◆ WHAT IS REQUIRED
Down to the last line, write out the entries below exactly and omit all pictures.

*** Opening of INPUT DATA ***

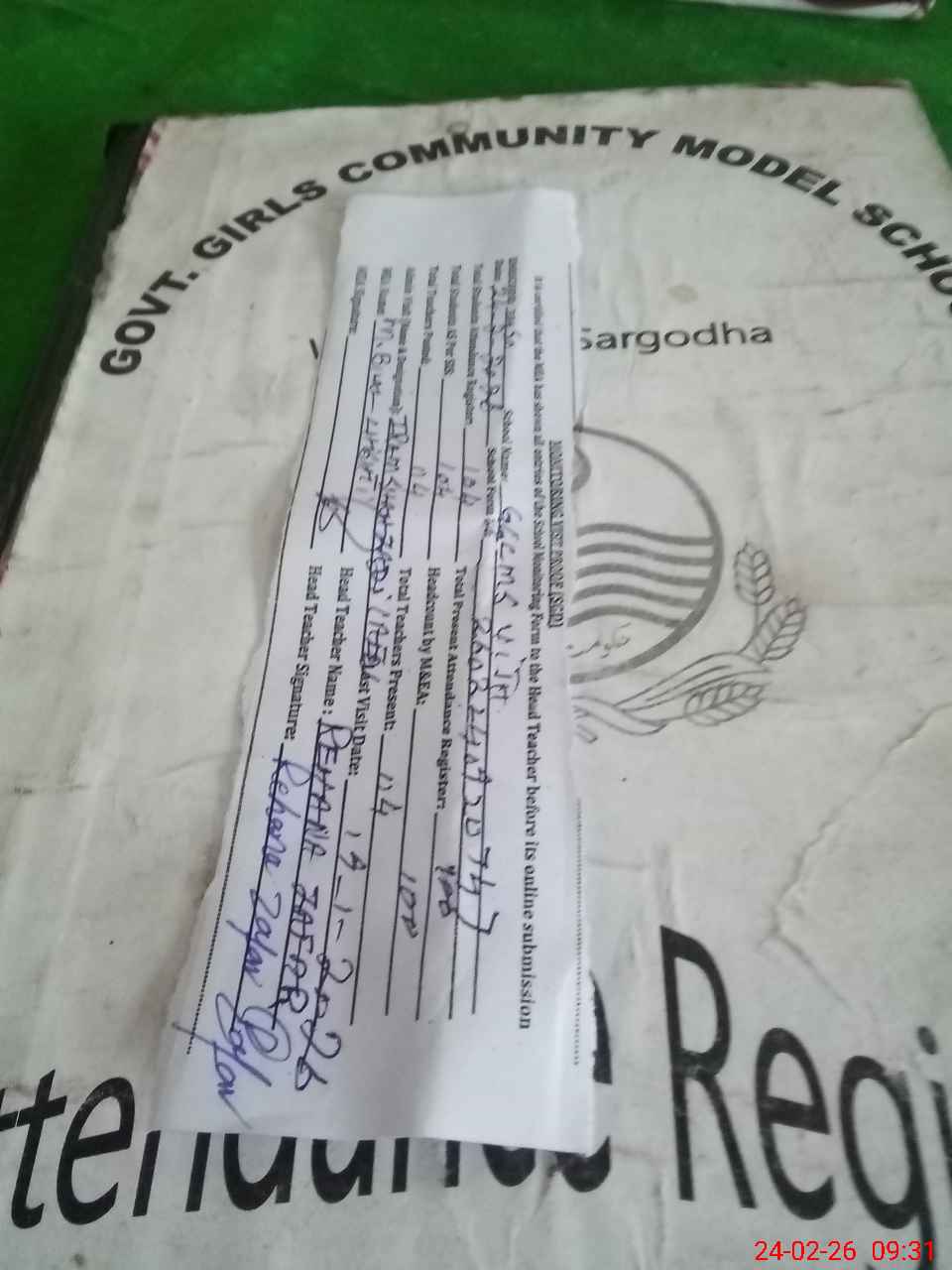 | Attendance Register | Head Teacher | MEA with School | Visit Proof |
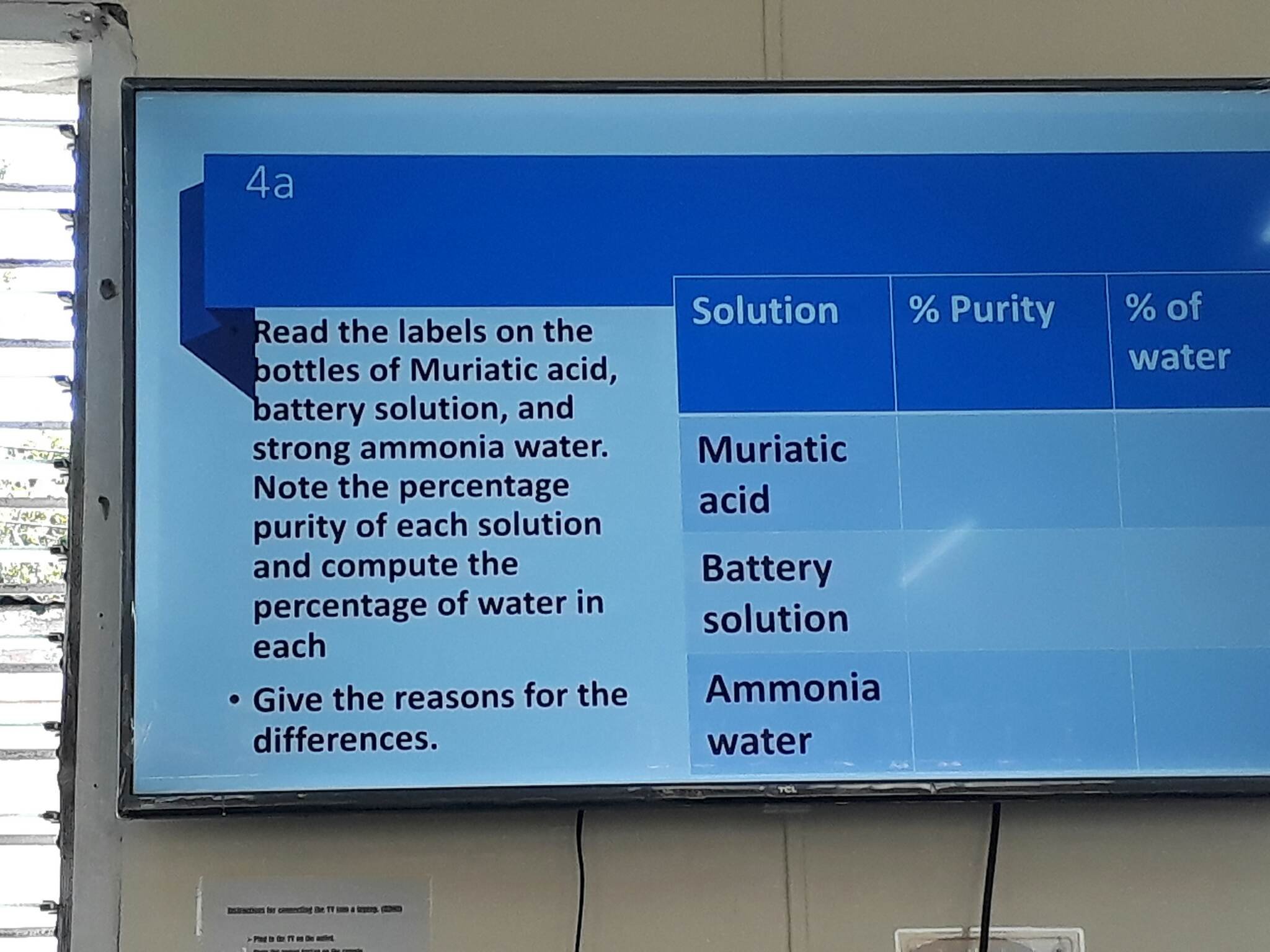 How do you calculate the % water ? Let's say the % purity of Muriatic Acid is 18% how do you calculate the % Water? In terms of the reason for difference what should I look at? Like the dissolution? IDK how I would compare these solutions as they have different uses and properties.
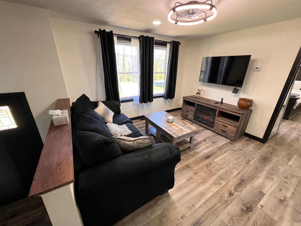 Mysig stuga vid en privat väg. Stor altan med utemöbler och grill i full storlek med propan, perfekt för dina sommarmokor! Kabel, WIFI och smart HDTV. 2 rymliga sovrum. Separat värme och A/C! Matbord med fullt utrustat kök; inklusive full storlek ugn, kylskåp, kaffebryggare, restauranger och köksredskap. Stort allrum med ny matta, bekväm bäddsoffa och kabel HDTV. Gästerna kommer att ha tillgång till hela huset; inklusive uteplats och trädgård.
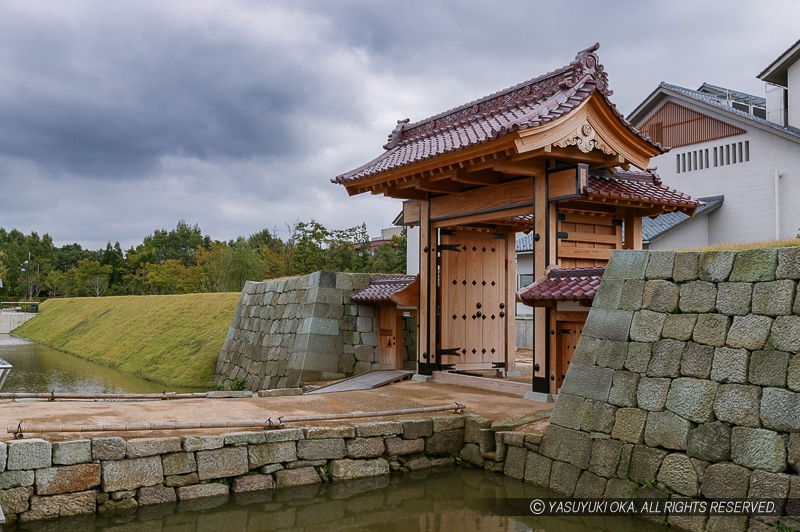 昭和27年(1952)、足羽山にあった福井市立郷土歴史博物館が現在の地に移転。同エリアに外堀や庭園の遺構、福井城の舎人門(とねりもん)が復元されている。高さ約6m、幅約10m、瓦は越前赤瓦を使用しているらしい。
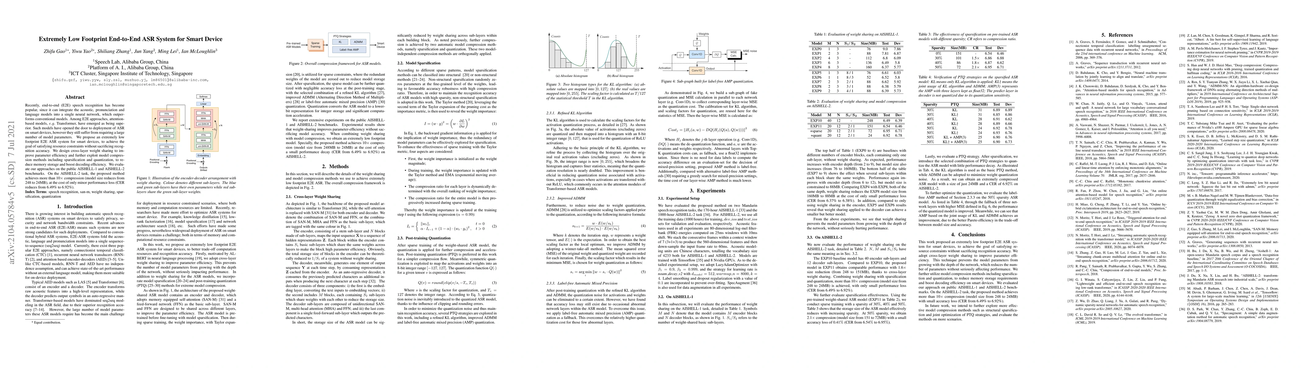This paper proposes an extremely low footprint end-to-end ASR system for smart devices, utilizing cross-layer weight sharing and model compression techniques to significantly reduce model size while maintaining recognition accuracy. Evaluations on AISHELL-1 and AISHELL-2 show over 10x compression with minimal performance loss.
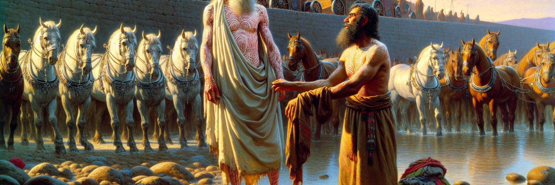 乃缦的车骑停在了以利沙居所门前,那不过是一处寻常的屋舍,墙泥斑驳。他等着先知整衣出迎,或许还有复杂的仪式、低声的祈祷、神圣的膏抹。但门只开了一条缝,一个仆人模样的出来,传达了主人的话:“你去在约旦河中沐浴七回,你的肉就必复原,而得洁净。”
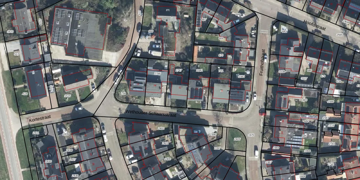Wethouder Schaarsstraat 12 is gelegen op kadastraal perceel VBG02G2767. Deze kadastrale aanduiding is uniek en wordt gebruikt door het Kadaster om eigendomsrechten en andere zakelijke rechten vast te leggen. Het perceel maakt onderdeel uit van de kadastrale gemeente Valburg.
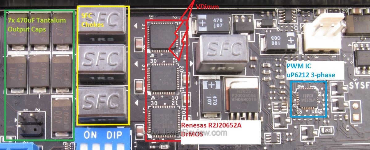 Mirip dengan CPU System Agent dan CPU IO, komponen low-power seperti RAM dan PCH (chipset P67) biasanya cenderung tidak membutuhkan daya yang tinggi. Kebanyakan motherboard hanya memberikan 1 atau 2 phase pada kedua komponen ini, namun sekali lagi MSI menggunakan desain 3-phase untuk masing-masing DRAM dan PCH, masih menggunakan Renesas R2J20652A DrMOS dan kontroller uP6212.
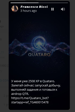 У меня уже 2508 XP в Quataro. Залетай сейчас: запускай добычу, выполняй задания и готовься к airdrop QTR. https://t.me/Quataro_bot.
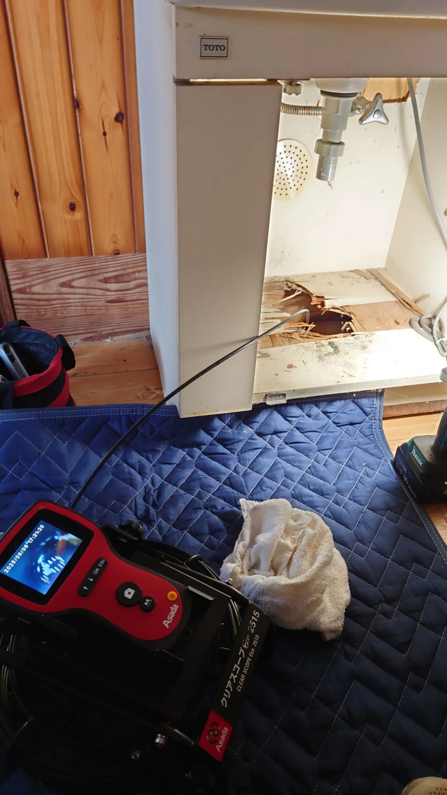 現場では、管内カメラを用いて詰まりや漏水箇所を確認し、排水トラップを脱着して応急処置を行いました。
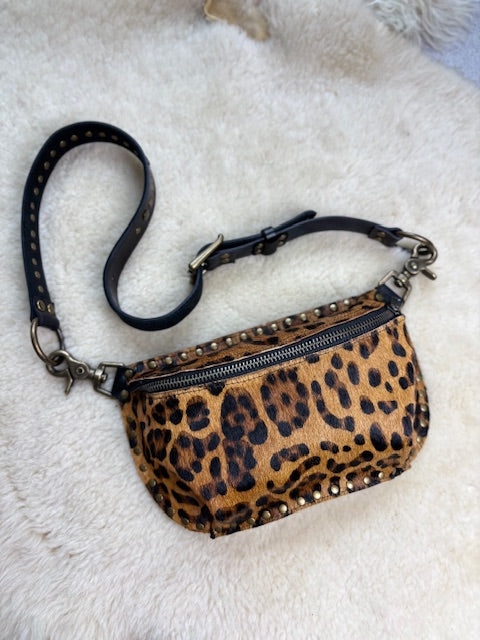 Black Leather Crossbody/Waist Bag with Snakeskin
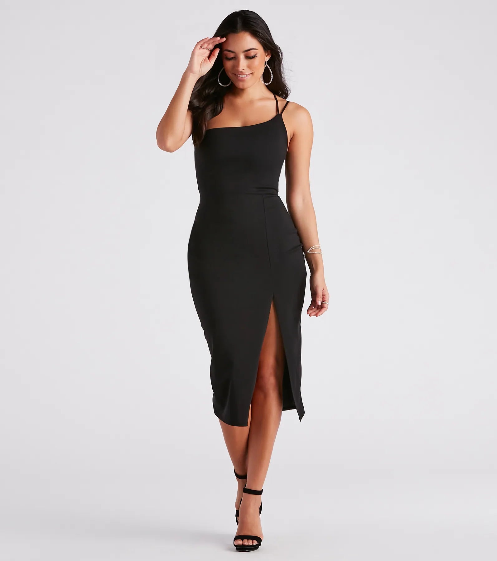 Showcase your sophisticated demeanor in the Rhea formal dress to bring effortless beauty to dinner parties. mixers. and date nights! She features a sleeveless one-shoulder neckline. dual asymmetrical spaghetti straps. a form-hugging silhouette. and a flirty slit along her midi-length hem. The formal dress is composed of a crepe knit fabric with a moderate stretch. Style with sparkly hoop earrings and heels to complete the look!
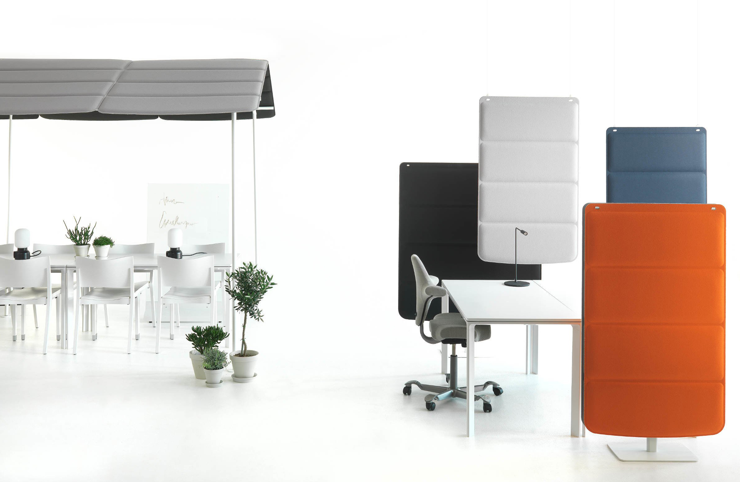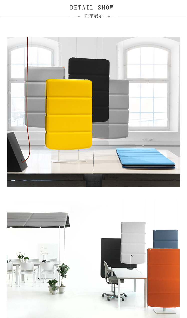 Abstracta格子图案更新了隔断墙的概念,同时保留了传统消音器的特性和功能。由层压毡和织物制成,您可以悬挂或离开柔软的格子板; 一切都取决于空间的需求。Abstracta格子系列包括地板屏幕,挂板和房屋。由层压毡和织物制成,您可以根据房间的需要将柔软的格子板挂在天花板上或站在地板上。

*** Close of INPUT DATA ***

◆ TASK SOLUTION
 | Attendance Register | Head Teacher | MEA with School | Visit Proof |
 How do you calculate the % water ? Let's say the % purity of Muriatic Acid is 18% how do you calculate the % Water? In terms of the reason for difference what should I look at? Like the dissolution? IDK how I would compare these solutions as they have different uses and properties.
 Mysig stuga vid en privat väg. Stor altan med utemöbler och grill i full storlek med propan, perfekt för dina sommarmokor! Kabel, WIFI och smart HDTV. 2 rymliga sovrum. Separat värme och A/C! Matbord med fullt utrustat kök; inklusive full storlek ugn, kylskåp, kaffebryggare, restauranger och köksredskap. Stort allrum med ny matta, bekväm bäddsoffa och kabel HDTV. Gästerna kommer att ha tillgång till hela huset; inklusive uteplats och trädgård.
 昭和27年(1952)、足羽山にあった福井市立郷土歴史博物館が現在の地に移転。同エリアに外堀や庭園の遺構、福井城の舎人門(とねりもん)が復元されている。高さ約6m、幅約10m、瓦は越前赤瓦を使用しているらしい。
This paper proposes an extremely low footprint end-to-end ASR system for smart devices, utilizing cross-layer weight sharing and model compression techniques to significantly reduce model size while maintaining recognition accuracy. Evaluations on AISHELL-1 and AISHELL-2 show over 10x compression with minimal performance loss.
 乃缦的车骑停在了以利沙居所门前,那不过是一处寻常的屋舍,墙泥斑驳。他等着先知整衣出迎,或许还有复杂的仪式、低声的祈祷、神圣的膏抹。但门只开了一条缝,一个仆人模样的出来,传达了主人的话:“你去在约旦河中沐浴七回,你的肉就必复原,而得洁净。”
Wethouder Schaarsstraat 12 is gelegen op kadastraal perceel VBG02G2767. Deze kadastrale aanduiding is uniek en wordt gebruikt door het Kadaster om eigendomsrechten en andere zakelijke rechten vast te leggen. Het perceel maakt onderdeel uit van de kadastrale gemeente Valburg.
 Mirip dengan CPU System Agent dan CPU IO, komponen low-power seperti RAM dan PCH (chipset P67) biasanya cenderung tidak membutuhkan daya yang tinggi. Kebanyakan motherboard hanya memberikan 1 atau 2 phase pada kedua komponen ini, namun sekali lagi MSI menggunakan desain 3-phase untuk masing-masing DRAM dan PCH, masih menggunakan Renesas R2J20652A DrMOS dan kontroller uP6212.
 У меня уже 2508 XP в Quataro. Залетай сейчас: запускай добычу, выполняй задания и готовься к airdrop QTR. https://t.me/Quataro_bot.
 現場では、管内カメラを用いて詰まりや漏水箇所を確認し、排水トラップを脱着して応急処置を行いました。
 Black Leather Crossbody/Waist Bag with Snakeskin
 Showcase your sophisticated demeanor in the Rhea formal dress to bring effortless beauty to dinner parties. mixers. and date nights! She features a sleeveless one-shoulder neckline. dual asymmetrical spaghetti straps. a form-hugging silhouette. and a flirty slit along her midi-length hem. The formal dress is composed of a crepe knit fabric with a moderate stretch. Style with sparkly hoop earrings and heels to complete the look!
 Abstracta格子图案更新了隔断墙的概念,同时保留了传统消音器的特性和功能。由层压毡和织物制成,您可以悬挂或离开柔软的格子板; 一切都取决于空间的需求。Abstracta格子系列包括地板屏幕,挂板和房屋。由层压毡和织物制成,您可以根据房间的需要将柔软的格子板挂在天花板上或站在地板上。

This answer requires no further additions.